Algunas facetas de ese malestar han llegado a Caracas bajo una bandera política y con un líder cultural de agresivo apellido: Farruco. Ustedes, los museólogos, deben sumarse a la lucha contra esa procesión en la que todo anda desfigurado y desubicado, apelmazado, sumido en un estado de confusión del que nadie sabe cuáles son las causas o las consecuencias y, por lo tanto, se desconoce el remedio.
Quiero creer que la museología puede combatir la “atopía” pues los museos tienen mucho que ver con la utopía de los anhelos y su capacidad de entusiasmarnos, de orientarnos. Ciertamente esa capacidad de integrar lo ideal con lo real puede ayudarnos a comprender mejor el mundo en el que vivimos. Siempre será una fuente de esperanza al invitarnos a imaginar a través de imágenes y conceptos un mundo mejor. Comparar y comprender, anhelar e imaginar son cuatro verbos que podemos conjugar en un museo.
III
Y a todas estas, ¿qué es un museo? Antonio de Nebrija los define como un lugar consagrado a las musas y nos explica que estas llegaron a ser nueve, todas hijas de Zeus y Mnemosine, la diosa de la memoria. Estas chicas han sido tan sugerentes como caprichosas y cambiantes. Ya André Bazin nos recordó las nuevas apariencias que pueden generar estas divinidades que susurran ideas e inspiran mortales. Cuando se discutía si el cine era o no un arte, Bazin propuso una nueva pregunta: “¿Qué es el arte ahora que existe el cine?”.
T. S. Eliot lo explica con otras palabras:
Cuando se crea una nueva obra de arte le ocurre algo a todas las obras que la precedieron… No es descabellado que el pasado sea alterado por el presente, tanto como el presente está dirigido por el pasado.
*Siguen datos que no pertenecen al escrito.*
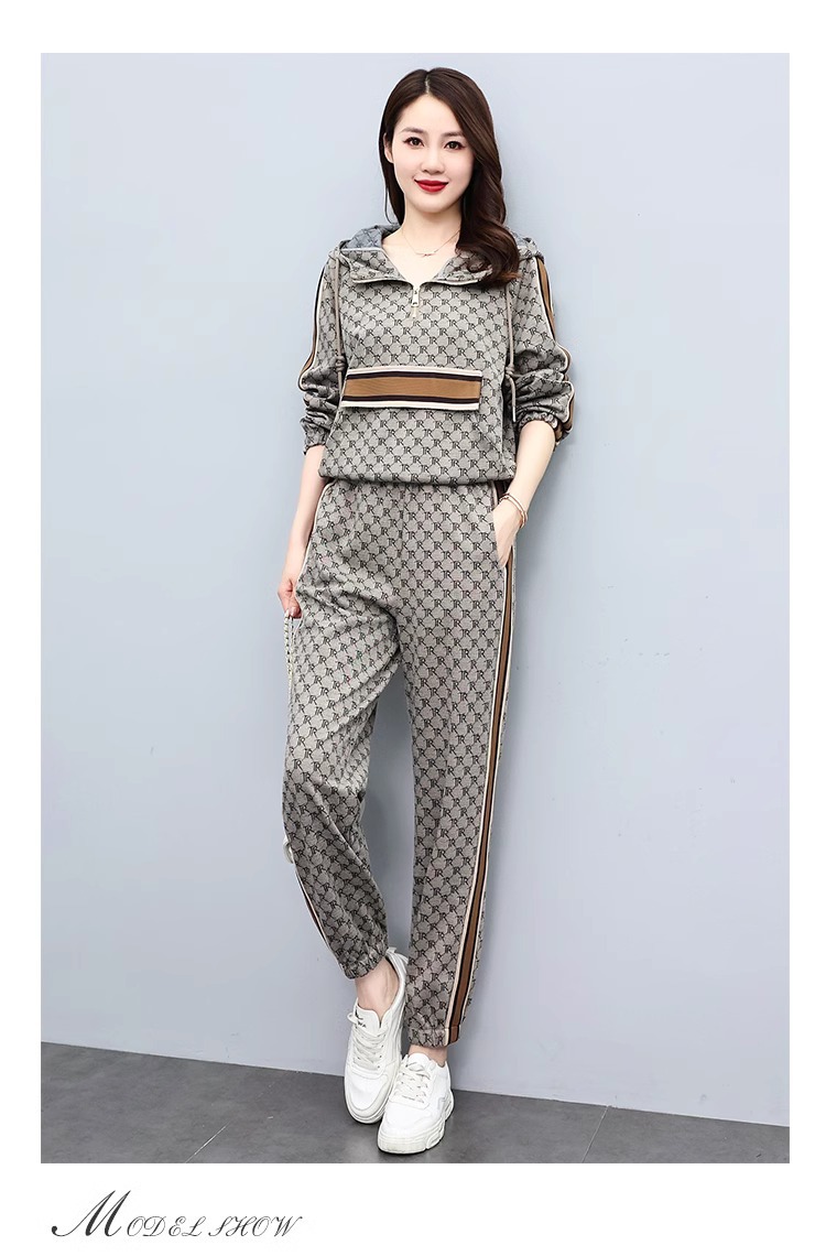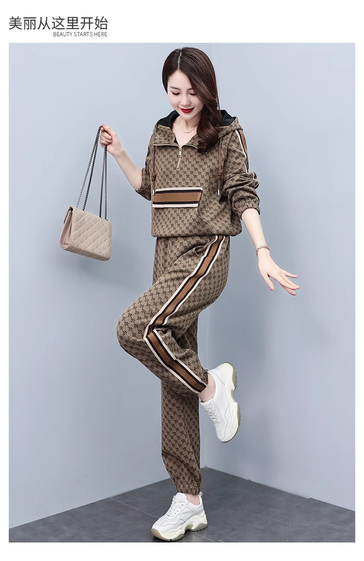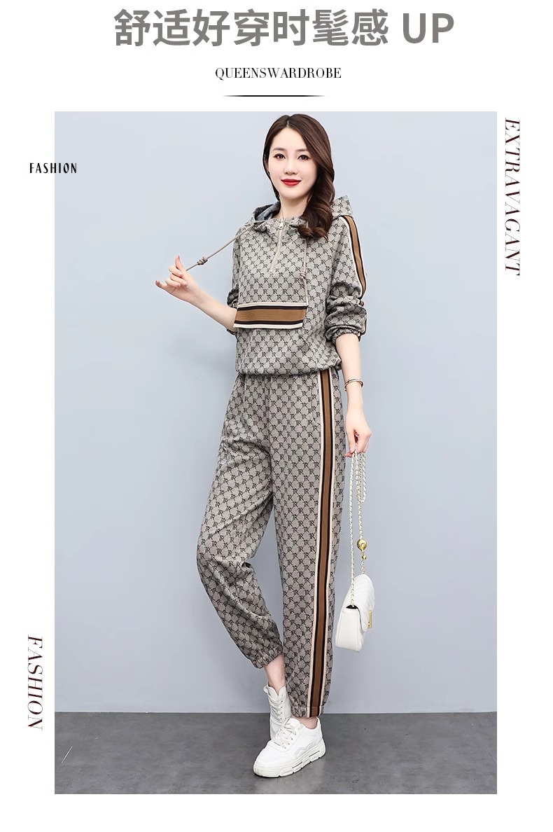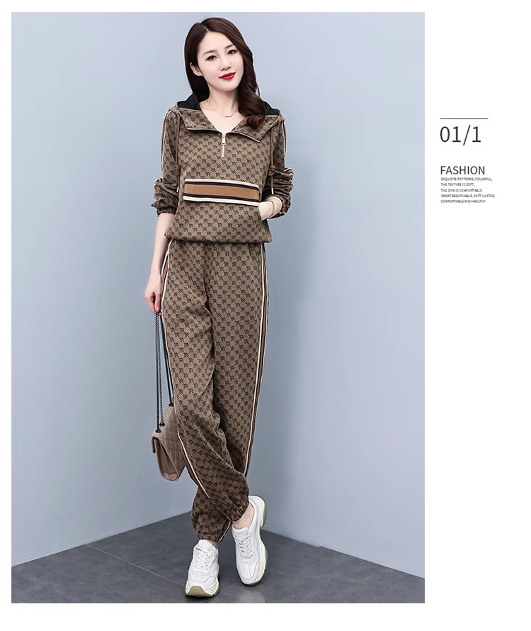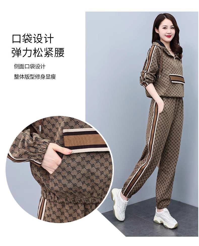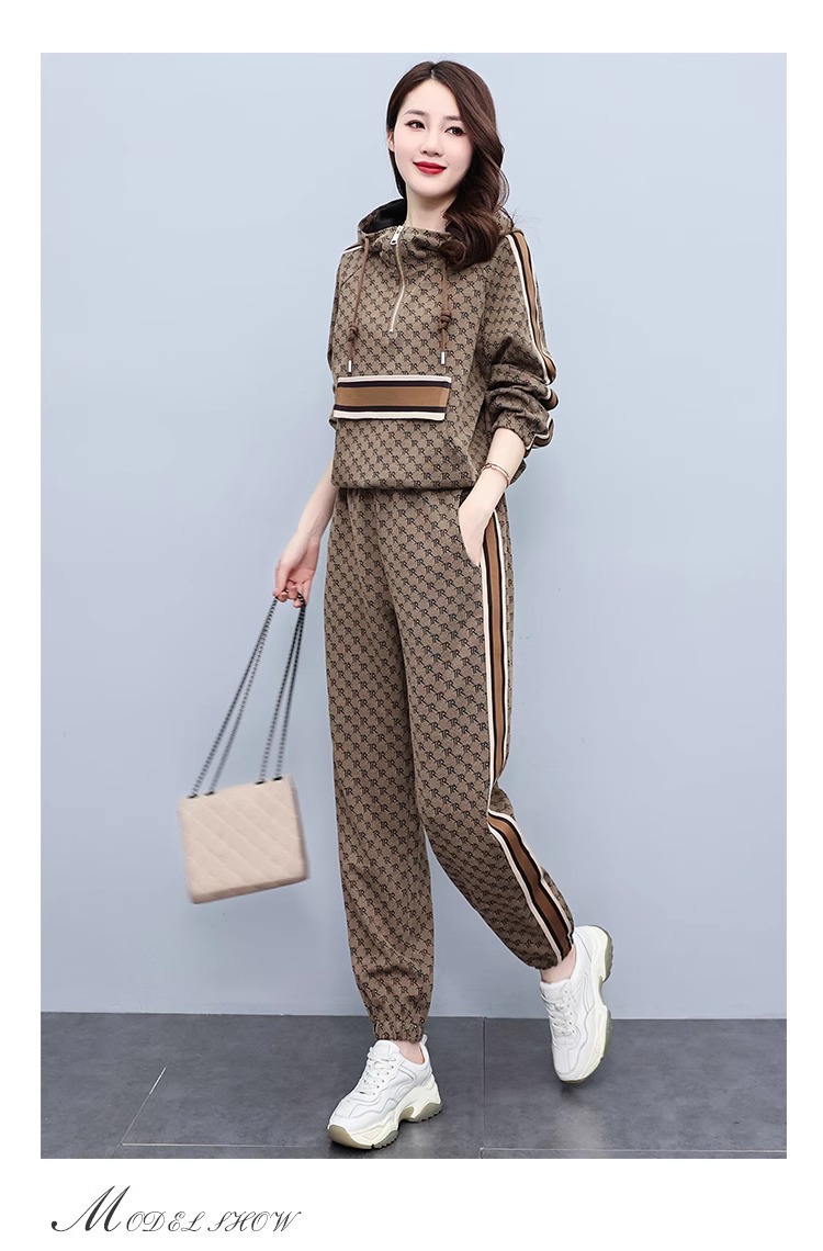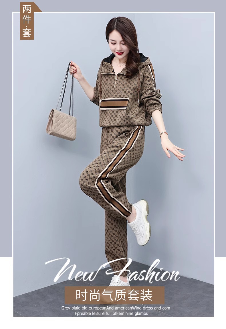 스포츠웨어 세트 여성 2024 봄과 가을 새로운 작은 스웨터 느슨한 나이 감소 패션 서양식 캐주얼 투피스 세트스토어 가기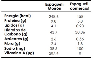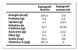El contenido nutricional del Espagueti Morrón se presenta en la Tabla 1 y se establece una comparación con espagueti comercial. El Espagueti Morrón contiene una mayor densidad energética, mayor contenido de proteína, lípidos e hidratos de carbono por la harina de amaranto adicionada.
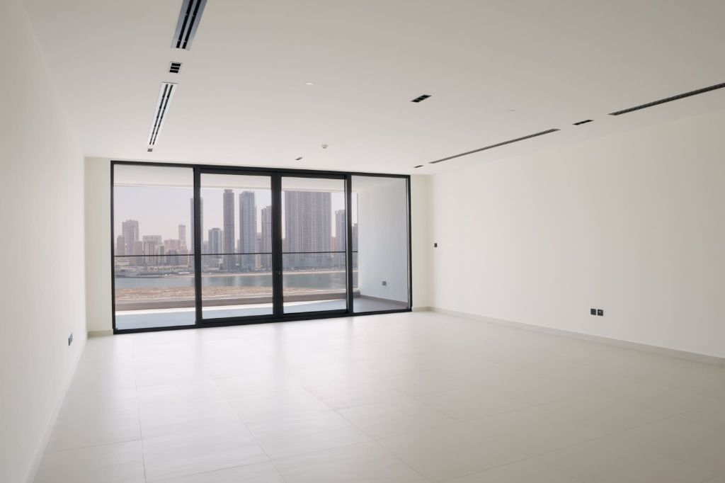 Luxury apartment for rent in Al Khan Lagoon featuring a stunning sea view, complete privacy, and spacious layout. The apartment is ready to move in and includes three master bedrooms, all with en suite bathrooms, plus a maid’s room. It offers five bathrooms, large living areas, and a bright, spacious balcony. Total area is 3627 SqFt, with two parking spaces. The building provides premium facilities
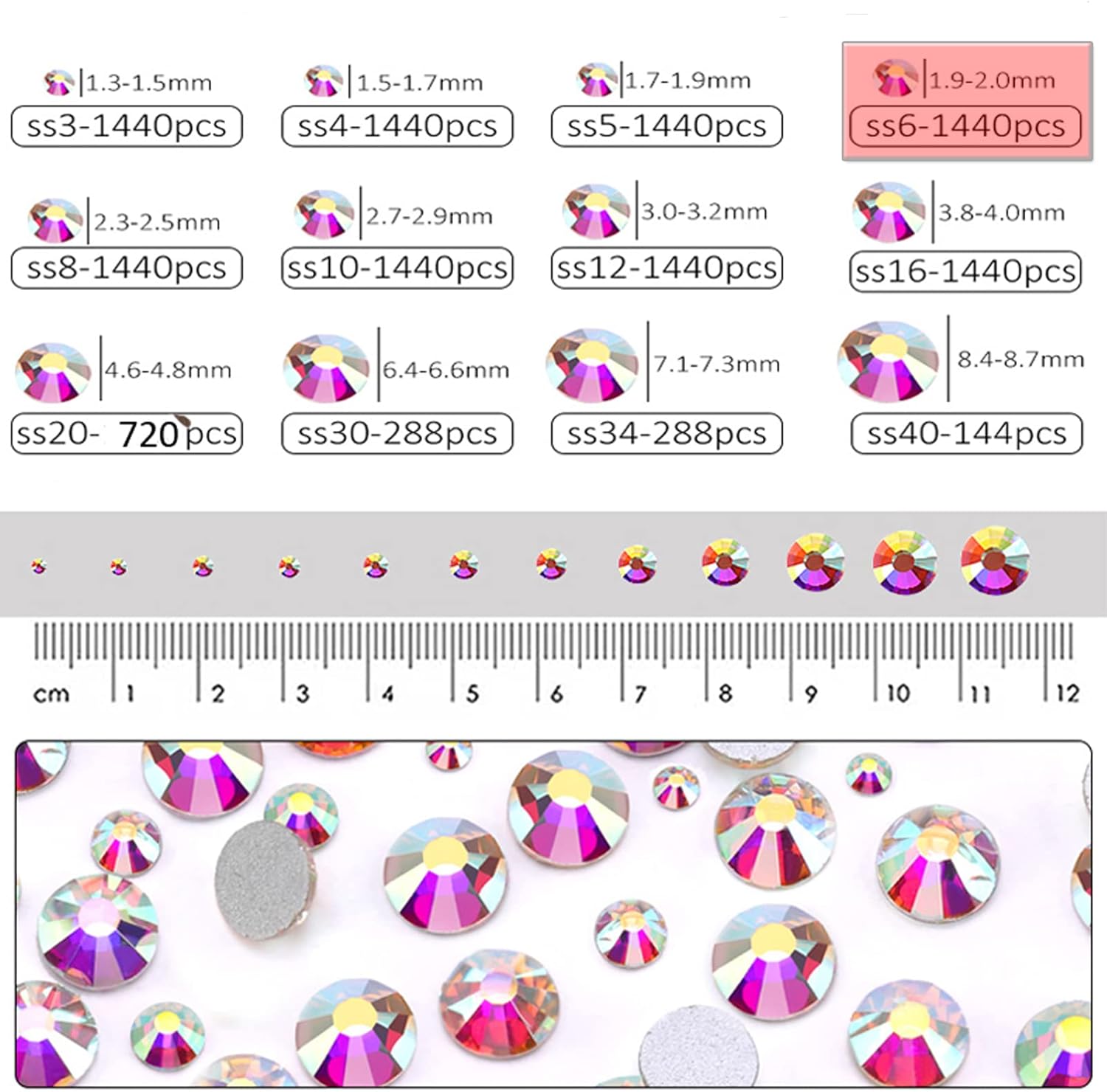 ▲ Size and Quantity: These SS6 flatback rhinestones are tiny, with diameter 2.0mm, you will receive 1440Pieces. They are swarovski alternative premium quality flatback rhinestones, ideal for nail art.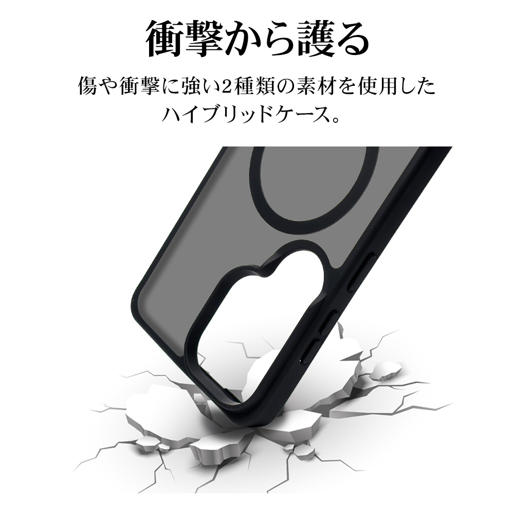 ●背面は指紋が付きにくい加工を施したポリカーボネート素材を使用しています。※衝撃吸収については、一般的なポリカーボネート製ケースと比較した自社検証結果で、無破損、無故障を保証するものではありません。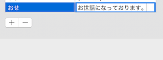 この例だと左側に「おせ」、右側に「お世話になっております」を入力し登録を行います。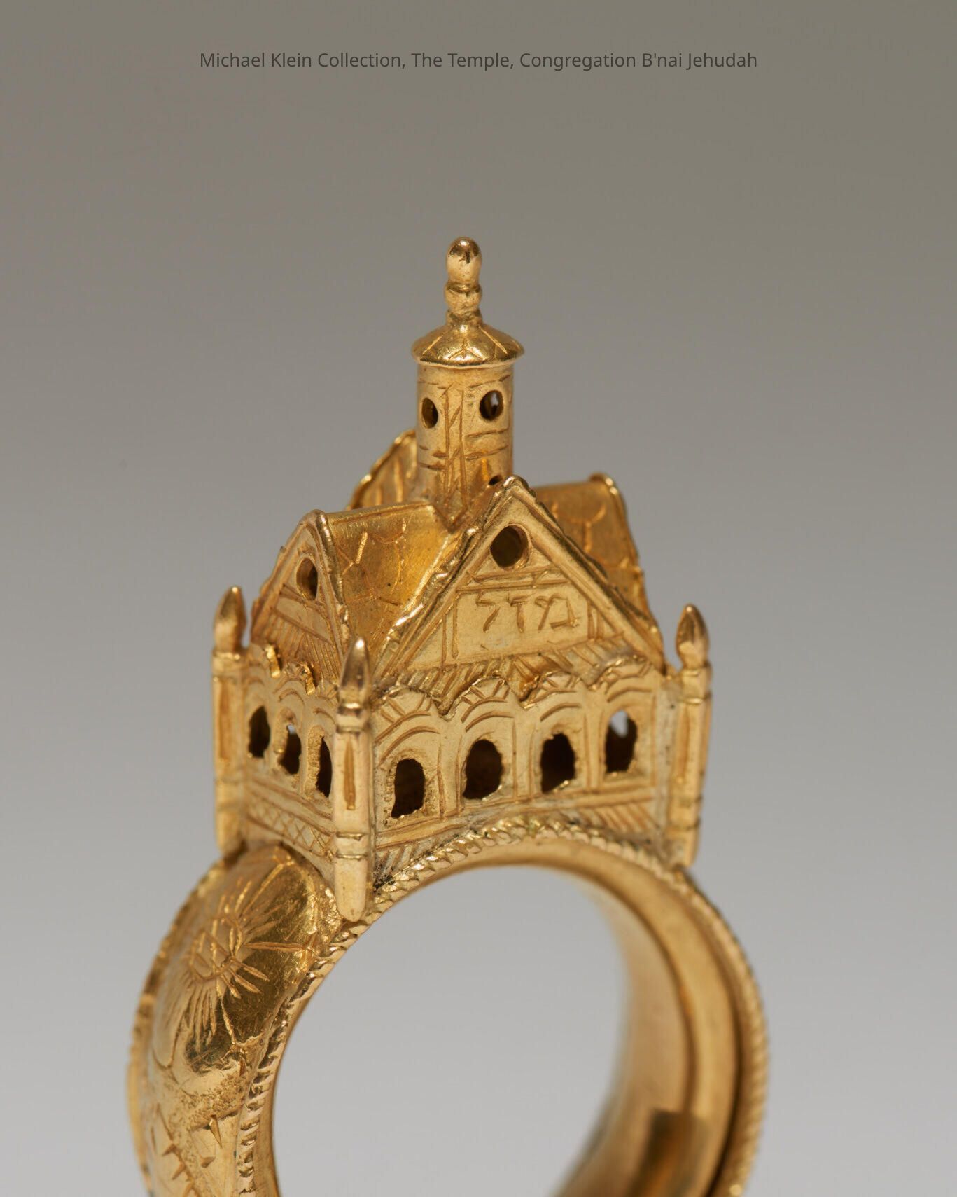 The castle-shaped top of this ring is engraved "Mazel Tov." This ring would have been worn by a bride during a wedding and exchanged for a plain band as part of the ceremony.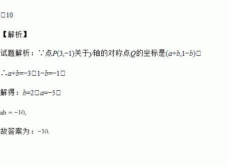已知点P(3,-1)关于y轴的对称点Q的坐标是(a+b,1-b),则ab的值为______.

Siento que generar, entender y conducir estas conexiones y direcciones es uno de los más sagrados fundamentos de la museología.
Algunos ubican el primer museo de la historia en un salón ubicado al lado de la Biblioteca de Alejandría y aseguran que se trataba de un lugar dedicado a conversaciones profundas. Lo llamaban “el nido de las musas”, un Museion para los eruditos y sabios, con salas de conferencias, laboratorios, observatorios, biblioteca, alojamiento y lo más importante, el comedor. La descripción del conjunto que hace Herodas, uno de los más apasionados historiadores, suena a promoción turística:
Y es que aquello es cosa de Afrodita: todo, lo que existe y lo posible, está en Egipto: dinero, juegos, poder, cielo azul, fama, espectáculos, filósofo, oro, jóvenes, el templo de los dioses hermanos, el rey benevolente, el Museo, vino, todo cuanto uno pueda imaginar.
Vale la pena explorar lo más significativo: parece que la principal misión de aquel museo era guiar a los monarcas hacía el buen gobierno de su nuevo reino.
La Ecole de Beaux Arts también nació en un anfiteatro donde se reunían los arquitectos del Rey a comer, beber y dialogar sobre los grandes proyectos de París, mientras los jóvenes estudiantes los escuchaban desde unas gradas.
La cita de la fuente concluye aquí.